[Dataset entries]
--- START ---

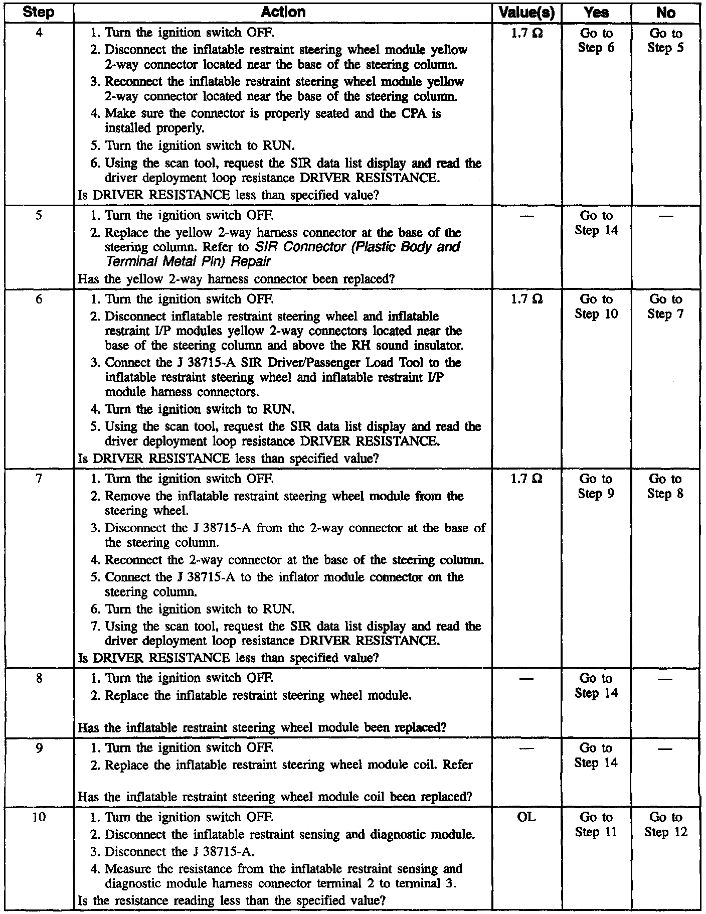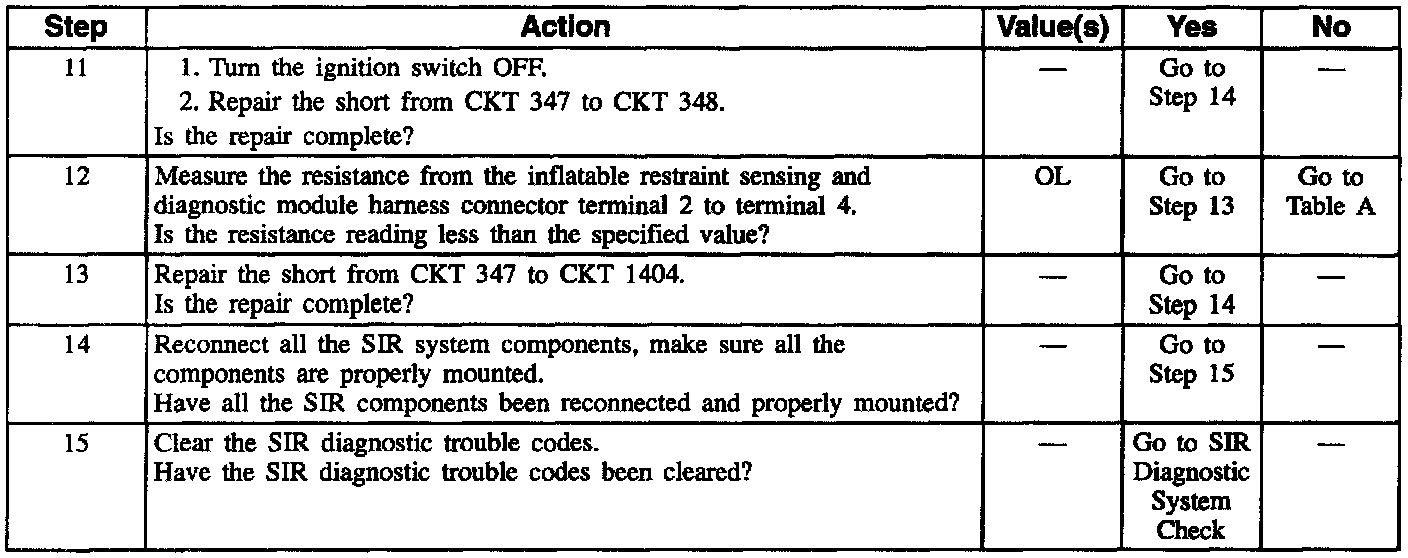 7. This test determines whether the malfunction is in the inflatable restraint steering wheel module coil or the inflatable restraint steering wheel module.
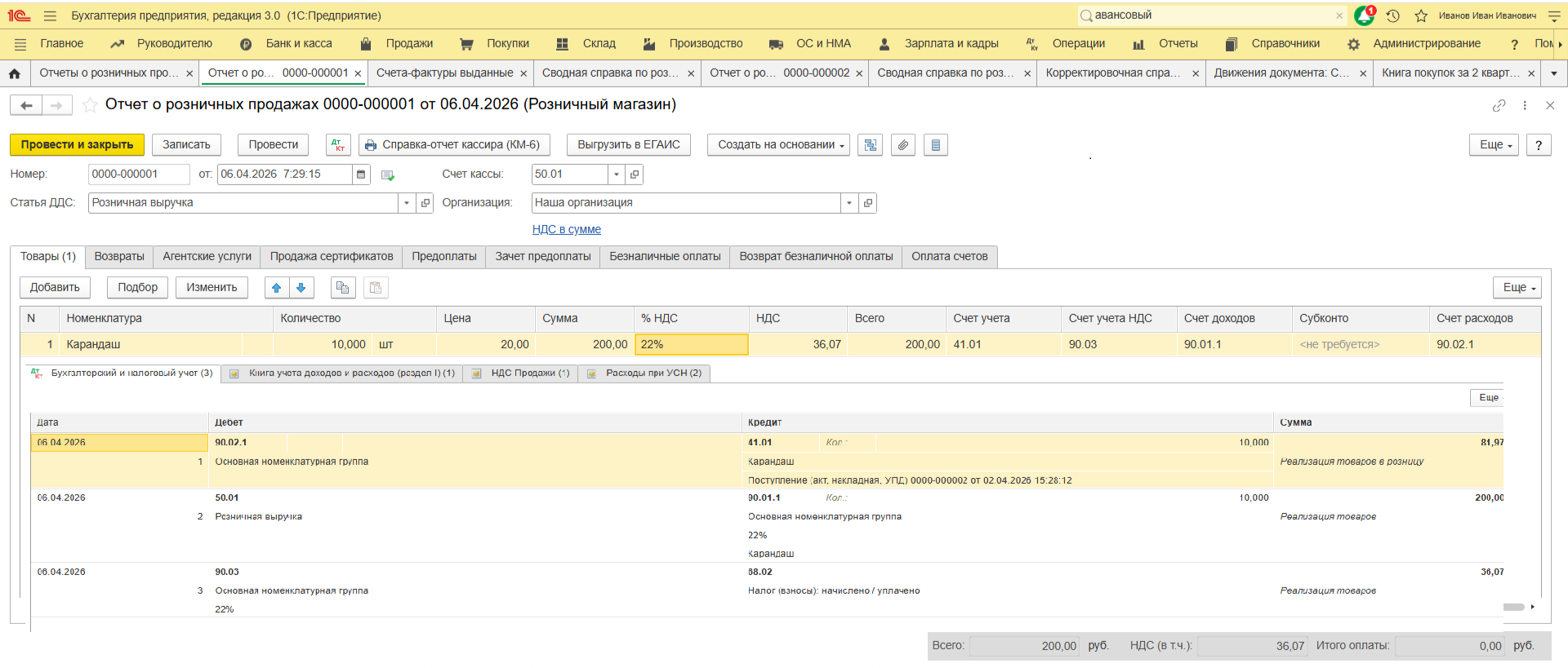 - В программе 1С в группе «Розничные продажи» есть «Отчет о розничных продажах». После проведения этого документа программа формирует проводки.
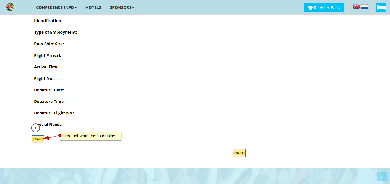 After completing the registration form in the checkout process, I click next which takes me to a confirmation page entitled "Billing Address". At the end of that form is a New button. How can I get rid of or cause that New button not to show? See attached example.
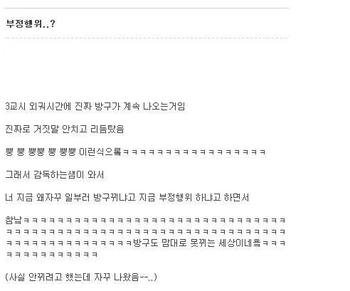 이는 방귀 때문에 '기발한 부정행위'로 오해당한 학생의 에피소드로 "시험시간에 계속 방귀가 나와 리듬을 타며 방귀를 뀌었더니 시험을 감독하던 선생님이 다가와 '지금 부정행위 하냐'고 말했다"는 내용이 담겨 있다.
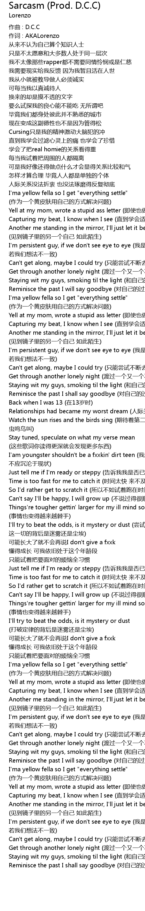 | Stay tuned, speculate on what my verse mean zhèi xiē gē cí nǐ dú dé gēng shēn jiù huì fā xiàn gèng duō dōng xī | |
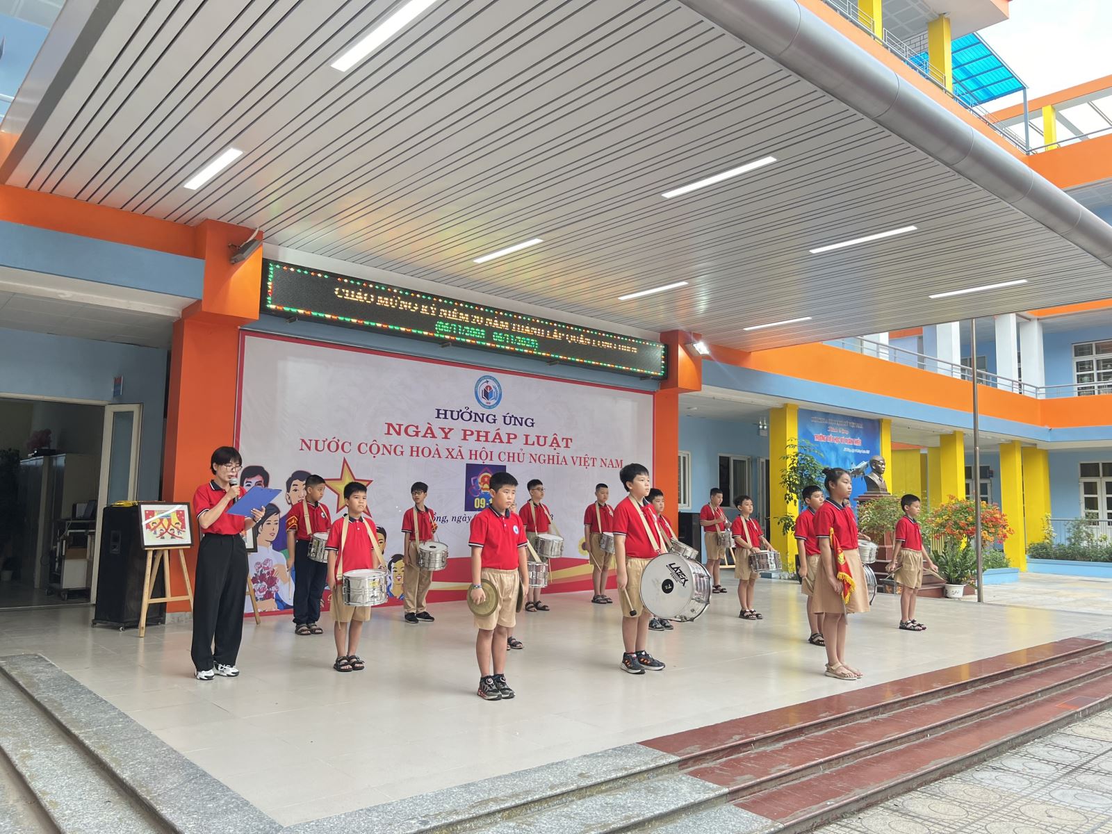 Sau nghi lễ chào cờ nghiêm trang, các con học sinh được tham gia tìm hiểu pháp luật thông qua hoạt động “Tuyên truyền măng non” về một số các Luật hiện hành như Luật Giao thông đường bộ; Luật Giáo dục; Luật Trẻ em; Luật Bảo vệ môi trường; Luật An ninh mạng; Luật phòng, chống tác hại của thuốc lá, …
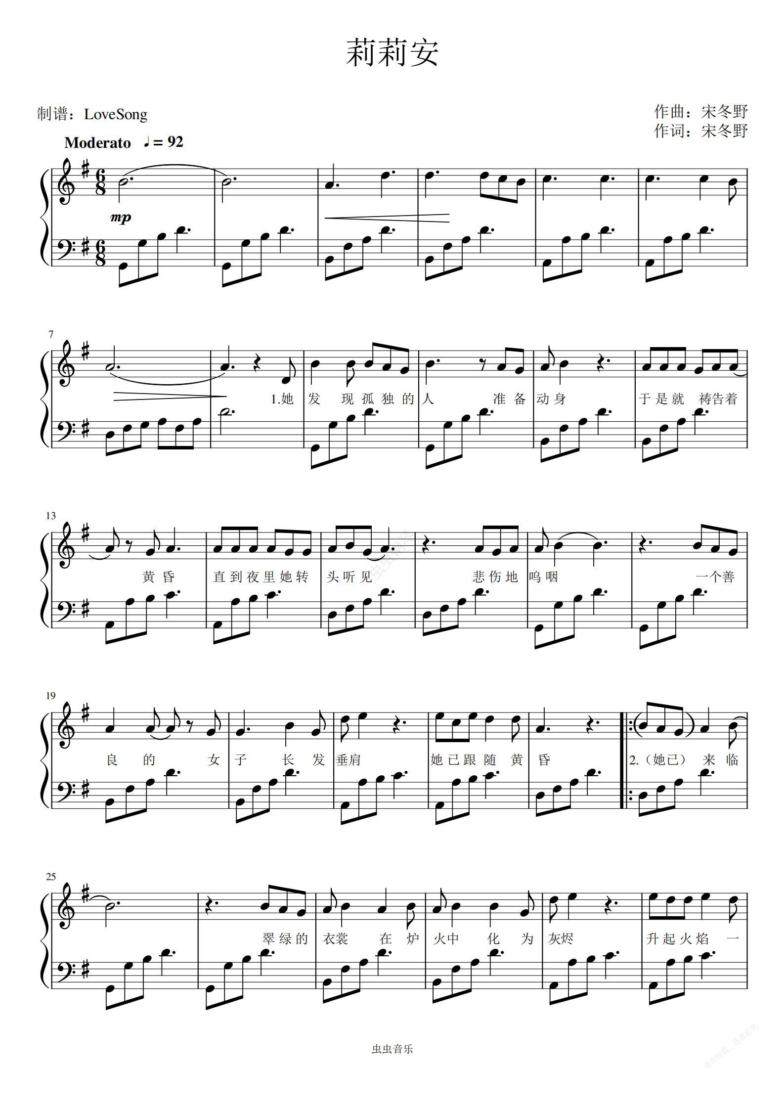 钢琴谱:宋冬野 莉莉安 钢琴谱 简单带歌词版
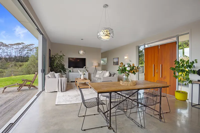 Urgent notice. Auction brought forward to Tuesday 26th October at 1.00pm onsite. Motivated vendors invite new owners to enjoy their beautiful lifestyle property. Number 54 Walford Road is a thoughtfully built modern home on 5600sqm of land with scenic views of the surrounding countryside. The home has been built with sustainability and resilience in mind, the 250mm thick Ambionse block walls provide the house an impressive R-value of 3.0. This combined with the superb northern orientation, perfectly angled roof, polished concrete floors, floor to ceiling double glazing keep the house cool in summer and warm in winter, the impressive design means you don't need additional heating or cooling. The main entryway welcomes you into the heart of the home which opens out to the front deck and panoramic rural views. Everyday life circulates around the open plan living zone, showcasing the floor to ceiling windows, stunning kitchen with stone countertops, large breakfast bar, modern appliances and a spacious walk-in pantry. Interacting with the welcoming lounge and large decking, the seamless indoor-outdoor flow is perfect for entertaining. Effort has been made to ensure all areas of the home, including the bedrooms have a connection to the outdoors. The spacious master suite is an undeniable highlight located away from the other bedrooms, it contains a huge walk-in wardrobe, ensuite and its own deck. There is a large main bathroom, with a free-standing bath and a separate toilet. The laundry is cleverly placed behind sliding glass doors, plenty of storage space and a purpose-built office nook. The house boasts both gas and electric hot water with an HRV water filtration system installed. A double carport and plenty of extra parking space, raised vegetable gardens, an array of fruit trees, blueberry bushes, a chook pen and grazing for a few sheep. Also included are three spacious sheds for the toys. There is also an additional power supply with its own meter and separate entrance.
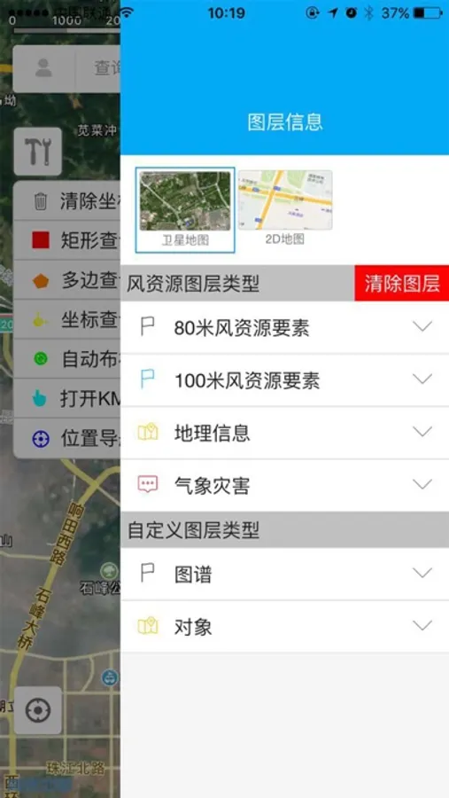数据视图:包含卫星影像、二维地图、不同层高风资源图谱、地理信息图层和气象灾害图层等丰富的数据视图;
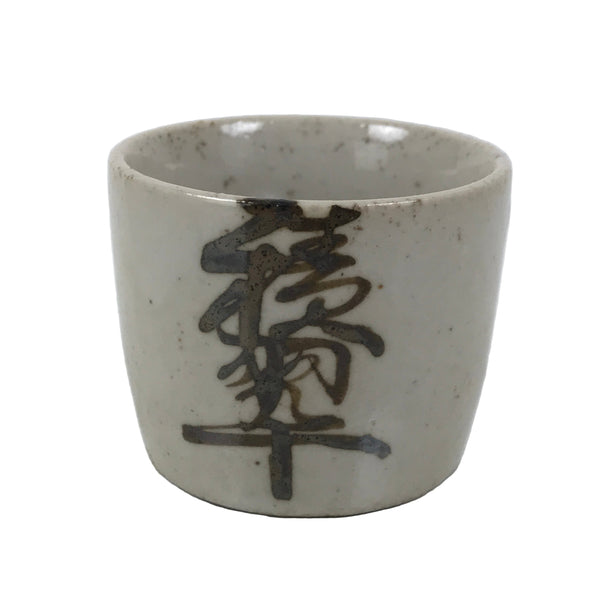 This is a vintage Japanese ceramic sake cup. This particular type of cup is half-cylindrical and off-white with brown kanji characters. In terms of size, it is also called ochoko, a good size for one sip of sake.
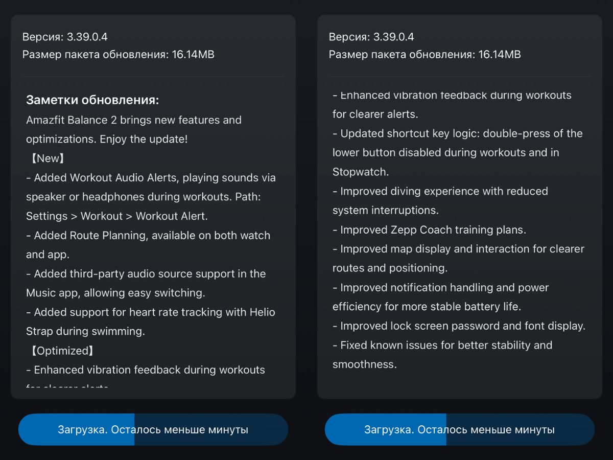 Oprogramowanie układowe w wersji 3.39.0.4 wprowadza również kilka ulepszeń dla użytkowników Amazfit Balance 2. Obejmują one optymalizacje wibracji podczas ćwiczeń, zakłócenia systemu podczas nurkowania i doświadczenie planu treningowego Zepp Coach. Istnieją również ulepszenia wyświetlania mapy z dodatkowymi informacjami o trasie, a żywotność baterii ma być bardziej stabilna. Pełny rejestr zmian znajdą Państwo na poniższym obrazku.
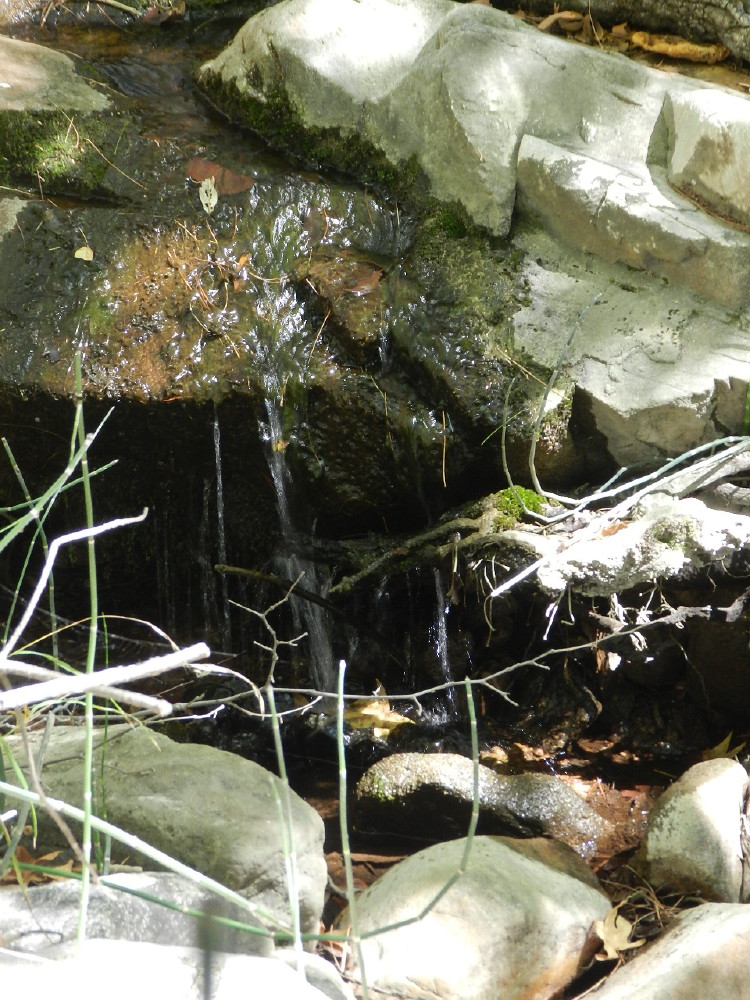 A lone sycamore leaf falls. We hear just the sound of the brook falling over, through and off rocks.
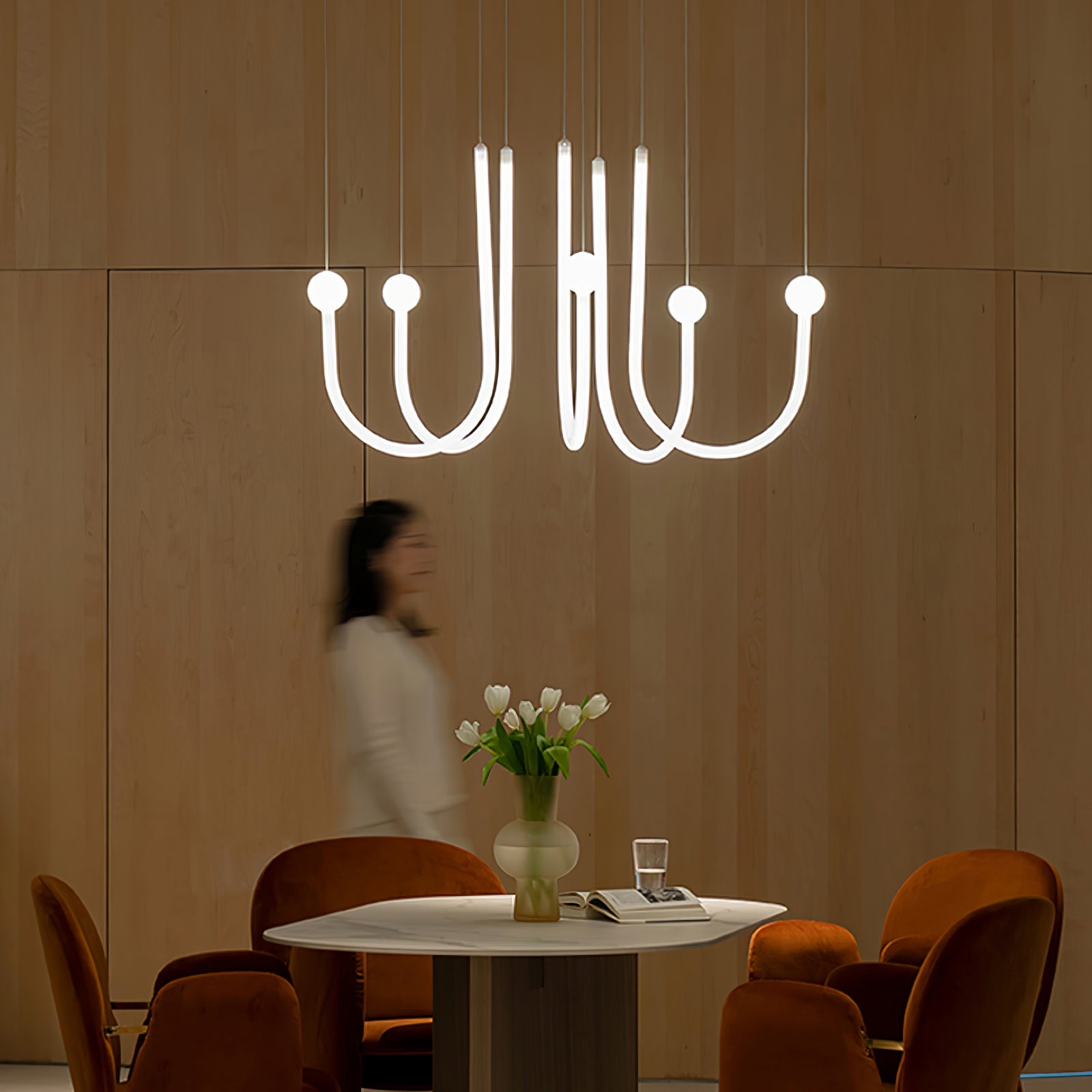 The Chord_Point_Pendant_Light on moderni versio klassisista kristallikruunuista. Sen minimaalinen muotoilu esittelee ohutta mutta kestävää metallijohtoa, joka on käytännöllisesti katsoen näkymätön, ja valopylväs antaa myös valaistuksen sekä piste- että napavalaistukseen. Se on täydellinen sekoitus klassista eleganssia ja modernia kauneutta.

--- END ---

WORK TO COMPLETE
The copy should hold only the lines from the one with "- В программе" through the one with "钢琴谱:宋冬野 莉莉安 钢琴谱 简单带歌词版", exactly as they stand above. Leave out the pictures.

SOLUTION TO THIS TASK
 - В программе 1С в группе «Розничные продажи» есть «Отчет о розничных продажах». После проведения этого документа программа формирует проводки.
 After completing the registration form in the checkout process, I click next which takes me to a confirmation page entitled "Billing Address". At the end of that form is a New button. How can I get rid of or cause that New button not to show? See attached example.
 이는 방귀 때문에 '기발한 부정행위'로 오해당한 학생의 에피소드로 "시험시간에 계속 방귀가 나와 리듬을 타며 방귀를 뀌었더니 시험을 감독하던 선생님이 다가와 '지금 부정행위 하냐'고 말했다"는 내용이 담겨 있다.
 | Stay tuned, speculate on what my verse mean zhèi xiē gē cí nǐ dú dé gēng shēn jiù huì fā xiàn gèng duō dōng xī | |
 Sau nghi lễ chào cờ nghiêm trang, các con học sinh được tham gia tìm hiểu pháp luật thông qua hoạt động “Tuyên truyền măng non” về một số các Luật hiện hành như Luật Giao thông đường bộ; Luật Giáo dục; Luật Trẻ em; Luật Bảo vệ môi trường; Luật An ninh mạng; Luật phòng, chống tác hại của thuốc lá, …
 钢琴谱:宋冬野 莉莉安 钢琴谱 简单带歌词版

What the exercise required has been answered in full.